TASK ITEM:
For the data that follows, print the line with "Одной из ключевых", the line with "Beautiful corner pavered", and all lines between them, exactly as they stand. Omit pictures and add nothing.

ENTRIES SUPPLIED:

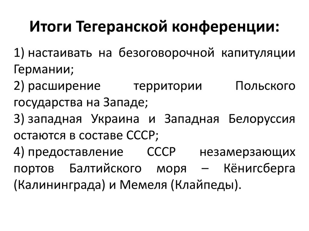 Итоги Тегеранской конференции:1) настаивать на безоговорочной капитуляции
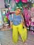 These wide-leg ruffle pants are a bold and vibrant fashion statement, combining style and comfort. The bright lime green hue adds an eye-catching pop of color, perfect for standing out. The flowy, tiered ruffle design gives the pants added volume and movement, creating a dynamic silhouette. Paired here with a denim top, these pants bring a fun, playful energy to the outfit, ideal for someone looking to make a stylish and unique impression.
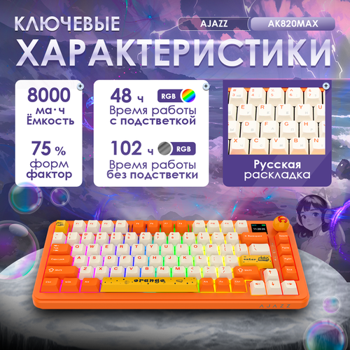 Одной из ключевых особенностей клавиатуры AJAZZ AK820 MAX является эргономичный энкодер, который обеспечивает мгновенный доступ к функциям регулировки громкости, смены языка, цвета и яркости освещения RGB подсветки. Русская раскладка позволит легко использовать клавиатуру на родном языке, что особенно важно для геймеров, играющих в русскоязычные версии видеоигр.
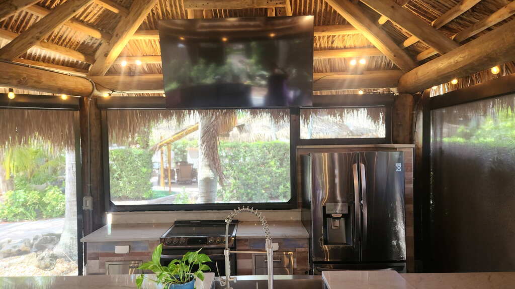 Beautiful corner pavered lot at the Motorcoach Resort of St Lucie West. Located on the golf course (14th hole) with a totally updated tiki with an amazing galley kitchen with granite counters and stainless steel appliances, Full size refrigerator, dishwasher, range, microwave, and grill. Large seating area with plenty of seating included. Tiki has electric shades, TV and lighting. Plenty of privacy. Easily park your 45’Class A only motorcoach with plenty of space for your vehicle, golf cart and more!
...
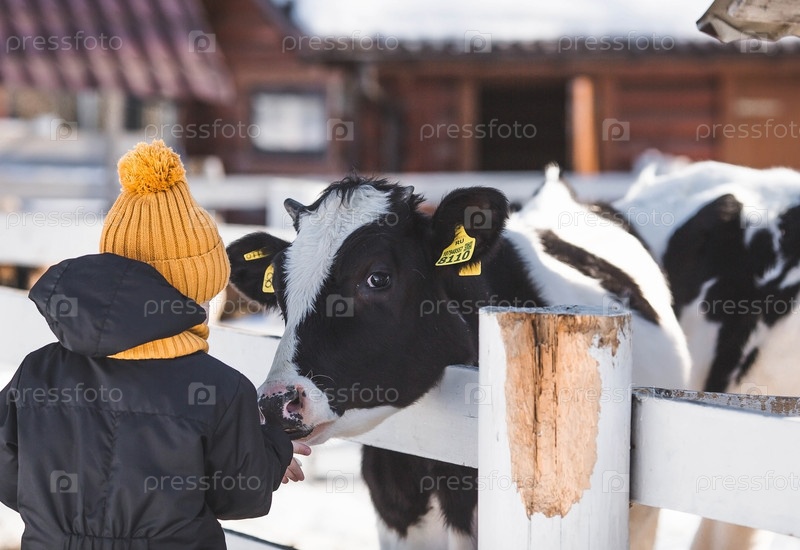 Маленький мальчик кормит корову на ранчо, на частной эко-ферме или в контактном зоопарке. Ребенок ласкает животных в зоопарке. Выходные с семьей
---
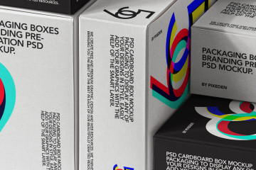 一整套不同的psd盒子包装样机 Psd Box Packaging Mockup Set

REPLY:
 Одной из ключевых особенностей клавиатуры AJAZZ AK820 MAX является эргономичный энкодер, который обеспечивает мгновенный доступ к функциям регулировки громкости, смены языка, цвета и яркости освещения RGB подсветки. Русская раскладка позволит легко использовать клавиатуру на родном языке, что особенно важно для геймеров, играющих в русскоязычные версии видеоигр.
 Beautiful corner pavered lot at the Motorcoach Resort of St Lucie West. Located on the golf course (14th hole) with a totally updated tiki with an amazing galley kitchen with granite counters and stainless steel appliances, Full size refrigerator, dishwasher, range, microwave, and grill. Large seating area with plenty of seating included. Tiki has electric shades, TV and lighting. Plenty of privacy. Easily park your 45’Class A only motorcoach with plenty of space for your vehicle, golf cart and more!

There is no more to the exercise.